If you have a serious allergic reaction while taking Humira, call 911 right away or have someone take you to the nearest emergency medical center.
Humira may not be right for everyone and can cause serious side effects.
Your risk for side effects is higher if:
- you’re prone to infections
- you have a weakened immune system
- you have other serious health conditions, such as a heart condition, impaired immune system, organ transplant, or liver problems
Your doctor will discuss the pros and cons of treatment with Humira and what to expect with treatment.
Humira has a
- serious infections, such as pneumonia, tuberculosis, and histoplasmosis
- cancers, such as those of the skin, breast, colon, prostate, lung, as well as lymphoma and leukemia
In addition to the black box warning, there are some other serious risks to be aware of, including:
- hepatitis B reactivation (flare up) if you’ve had hepatitis B in the past
- worsening of neurological disorders, such as multiple sclerosis and Guillain-Barré syndrome
- blood disorders, such as anemia and leukopenia
- congestive heart failure
You should avoid getting any live vaccines while you’re on Humira. For children under 18, required vaccines should be up to date before starting Humira.
If you plan to become pregnant, are pregnant, or are breastfeeding, talk with your doctor to learn whether Humira is safe for you. Humira does pass into breast mil, so it isn’t recommended while breastfeeding.

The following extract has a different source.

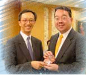
梁錦松為周年大會主講嘉賓(2001)
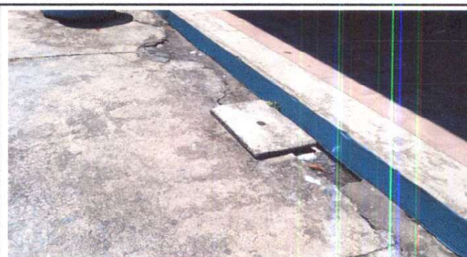
Sustitución de tubería de abastecimiento de agua

Your doctor will talk with you about all the risks of Humira and whether it’s a good option to manage your condition.
Research shows that Humira is effective for managing moderate to severe symptoms of Crohn’s and helping to maintain remission.
Clinical studies have followed adults who received Humira as their first biologic and those who failed to maintain remission with another biologic drug (infliximab). Of these people, between 21 and 36 percent achieved remission within 4 weeks. Also, 52 to 58 percent of them had symptom improvement.
For children 6 to 17 years old with moderate to severe Crohn’s, treatment with Humira was effective. Studies show that at 26 weeks, around 28 to 39 percent had remission. Also, 48 to 59 percent of children had improvement in their symptoms.
Keep in mind that to manage symptoms and maintain remission, your dose may need to be adjusted from time to time.
It’s important to follow your doctor’s treatment plan to avoid flare-ups of Crohn’s. This includes continuing Humira while in remission. If you’re experiencing side effects or have other concerns about your treatment, talk with your doctor.
Biologics aren’t right for everyone. If you have a weakened immune system or have certain health conditions, your doctor will discuss other treatment options.
Tips for using Humira
Humira comes as an injection that you give yourself under the skin (subcutaneously). Your doctor will show you how to give the injection properly so that you’re confident in taking Humira at home.
The injection is given in the abdomen or front of the thigh. It’s thought to be less painful when given into the abdomen. Make sure you periodically move your injection site to lessen pain and to lower your risk for an infection.
Here are the steps for injecting Humira:
- Collect all your injection supplies.
- Wash your hands thoroughly.
- Sit down if you think it’ll make you more comfortable and stable.
- Clean and prepare your injection site.
- Check to make sure you have the right dose.
- Give the injection according to your doctor’s directions.
- Dispose of the used injection according to safe disposal requirements where you live.
Crohn’s disease is a chronic condition that can interfere with your quality of life. Although scientists don’t know the exact cause of Crohn’s disease, family history, stress, diet, and environmental factors may all play a role.
New treatments, such as biologics, are helping more people manage their symptoms and achieve remission for longer periods of time. Most people with Crohn’s go through cycles of relapse and remission.
Humira is effective at reducing moderate to severe symptoms of Crohn’s disease for many people and can improve your daily life.
If you’ve been diagnosed with Crohn’s disease, your doctor will discuss the best treatment options with you. Ask about the latest treatments available to help manage your condition and the pros and cons of Humira.